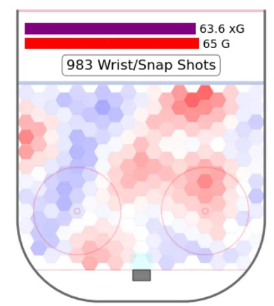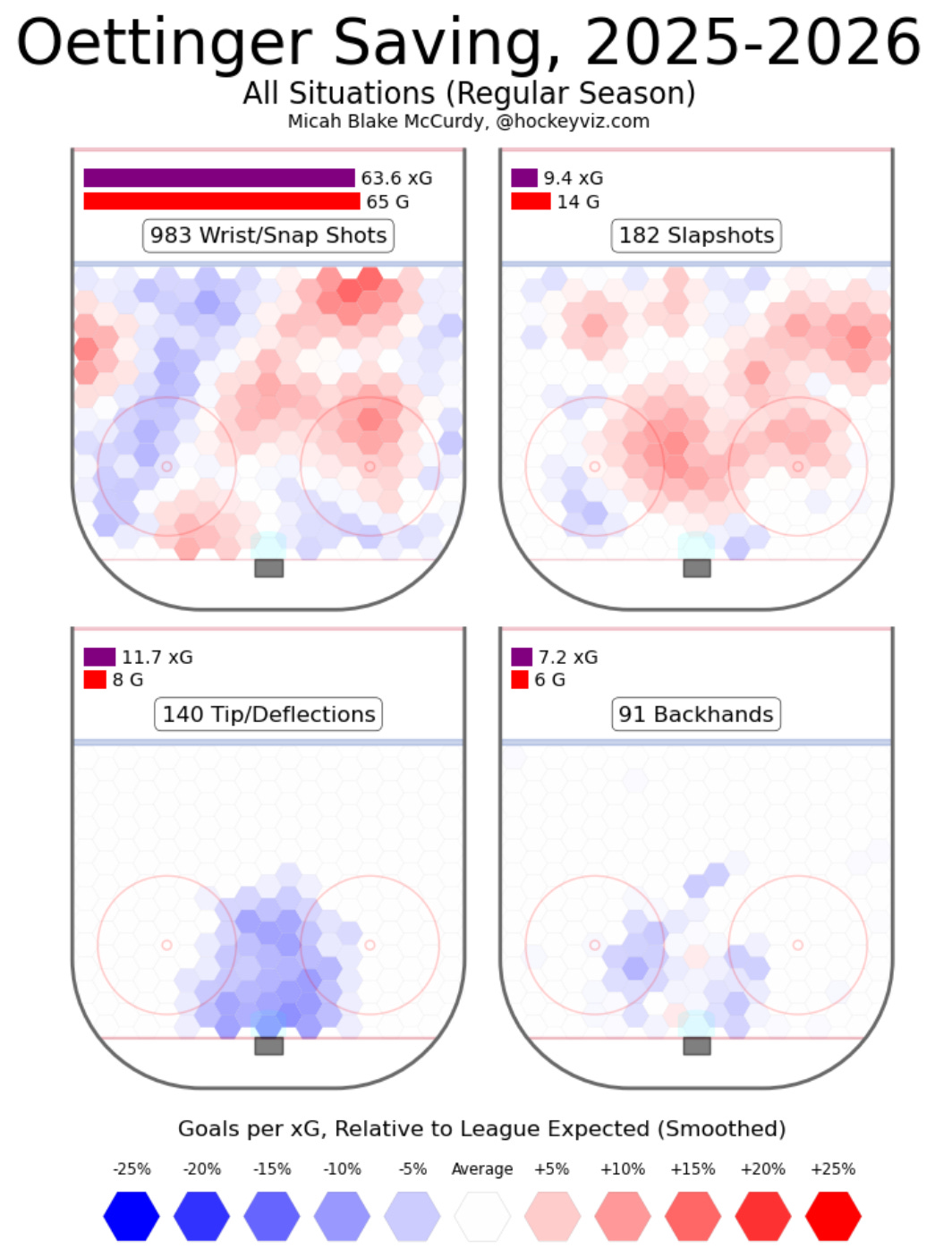 I’ll be frank here: I don’t know enough about all the mechanics of modern goaltending to say whether this is just a misread of the shot, an inherent limitation of blocker save attempts by any goaltender, or an actual flaw in Oettinger’s approach here. But I do know that Oettinger has been allowing more blocker-side (right side, for him) goals than league-average this year:
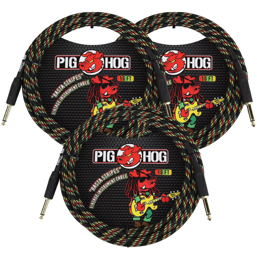 3 Pack Pig Hog PCH10RA "Rasta Stripes" Instrument Cable - 10ft
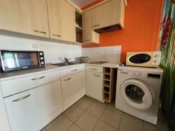 Il comporte une chambre climatisée et une cuisine ouverte entièrement équipée avec mini four, plaques de cuisson, micro-ondes, réfrigérateur et lave-linge.
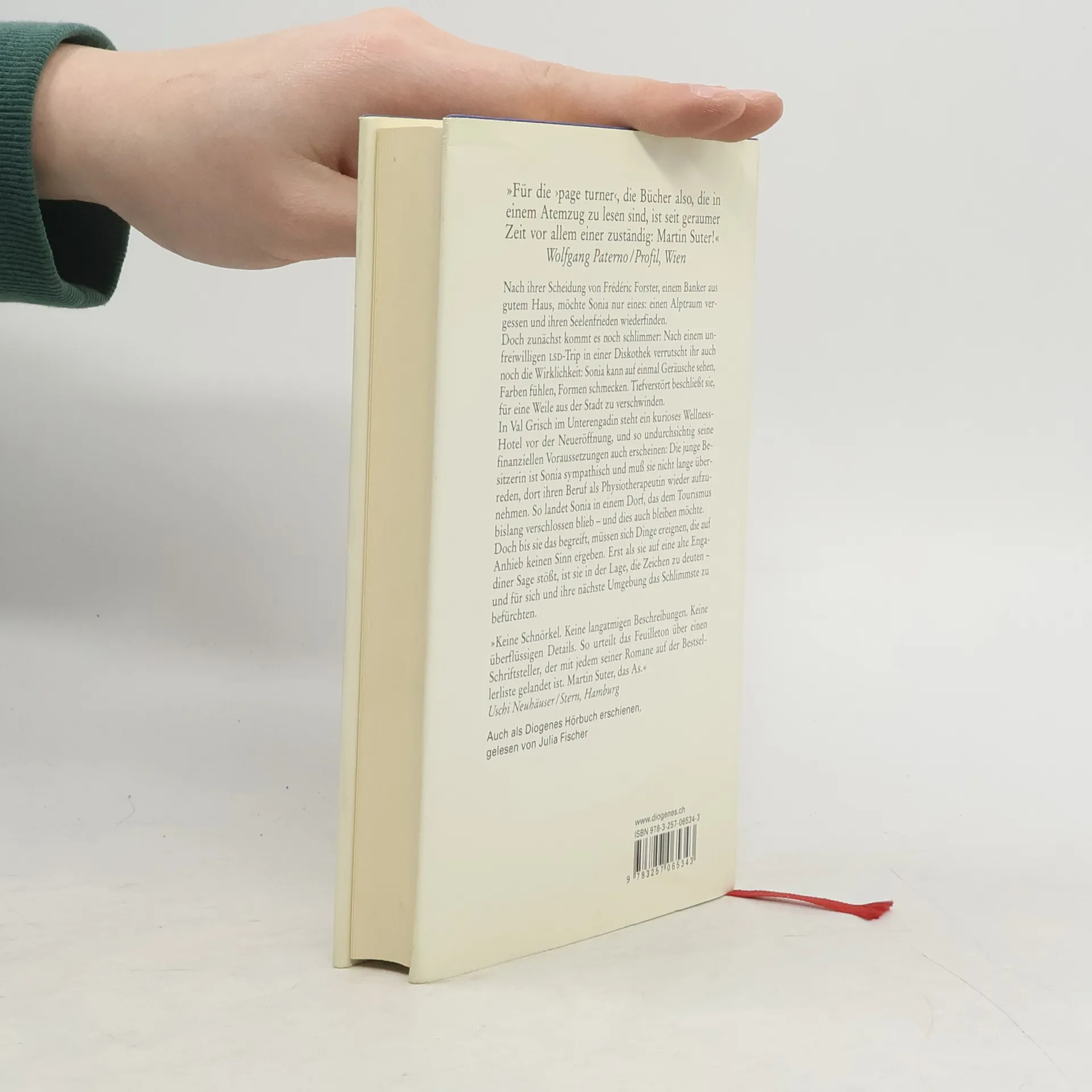 Nach ihrer Scheidung von Frédérique Forster, einem Banker aus gutem Haus, möchte Sonia nur eines: einen Alptraum vergessen und ihren Seelenfrieden wiederfinden. Doch zunächst kommt es noch schlimmer: Nach einem unfreiwilligen LSD-Trip in einer Diskothek verrutscht ihr auch noch die Wirklichkeit. Sonia kann auf einmal Geräusche sehen, Farben fühlen, Formen schmecken. Tief verstört beschließt sie, für eine Weile aus der Stadt zu verschwinden. In Val Grisch im Unterengadin steht ein kurioses Wellness-Hotel vor der Neueröffnung, und so undurchsichtig seine finanziellen Voraussetzungen auch erscheinen: Die junge Besitzerin ist Sonia sympathisch und muß sie nicht lange überreden, dort ihren Beruf als Physiotherapeutin wieder aufzunehmen. So landet Sonia in einem Dorf, das dem Tourismus bislang verschlossen blieb – und dies auch bleiben möchte. Doch bis sie das begreift, müssen sich Dinge ereignen, die auf Anhieb keinen Sinn ergeben. Erst als sie auf eine alte Engadiner Sage stößt, ist sie in der Lage, die Zeichen zu deuten – und für sich und ihre nächste Umgebung das Schlimmste zu befürchten.

==========

Across all the lines above, repeat the wording exactly and omit the pictures.

§ Result for this exercise:
 I’ll be frank here: I don’t know enough about all the mechanics of modern goaltending to say whether this is just a misread of the shot, an inherent limitation of blocker save attempts by any goaltender, or an actual flaw in Oettinger’s approach here. But I do know that Oettinger has been allowing more blocker-side (right side, for him) goals than league-average this year:
 3 Pack Pig Hog PCH10RA "Rasta Stripes" Instrument Cable - 10ft
 Il comporte une chambre climatisée et une cuisine ouverte entièrement équipée avec mini four, plaques de cuisson, micro-ondes, réfrigérateur et lave-linge.
 Nach ihrer Scheidung von Frédérique Forster, einem Banker aus gutem Haus, möchte Sonia nur eines: einen Alptraum vergessen und ihren Seelenfrieden wiederfinden. Doch zunächst kommt es noch schlimmer: Nach einem unfreiwilligen LSD-Trip in einer Diskothek verrutscht ihr auch noch die Wirklichkeit. Sonia kann auf einmal Geräusche sehen, Farben fühlen, Formen schmecken. Tief verstört beschließt sie, für eine Weile aus der Stadt zu verschwinden. In Val Grisch im Unterengadin steht ein kurioses Wellness-Hotel vor der Neueröffnung, und so undurchsichtig seine finanziellen Voraussetzungen auch erscheinen: Die junge Besitzerin ist Sonia sympathisch und muß sie nicht lange überreden, dort ihren Beruf als Physiotherapeutin wieder aufzunehmen. So landet Sonia in einem Dorf, das dem Tourismus bislang verschlossen blieb – und dies auch bleiben möchte. Doch bis sie das begreift, müssen sich Dinge ereignen, die auf Anhieb keinen Sinn ergeben. Erst als sie auf eine alte Engadiner Sage stößt, ist sie in der Lage, die Zeichen zu deuten – und für sich und ihre nächste Umgebung das Schlimmste zu befürchten.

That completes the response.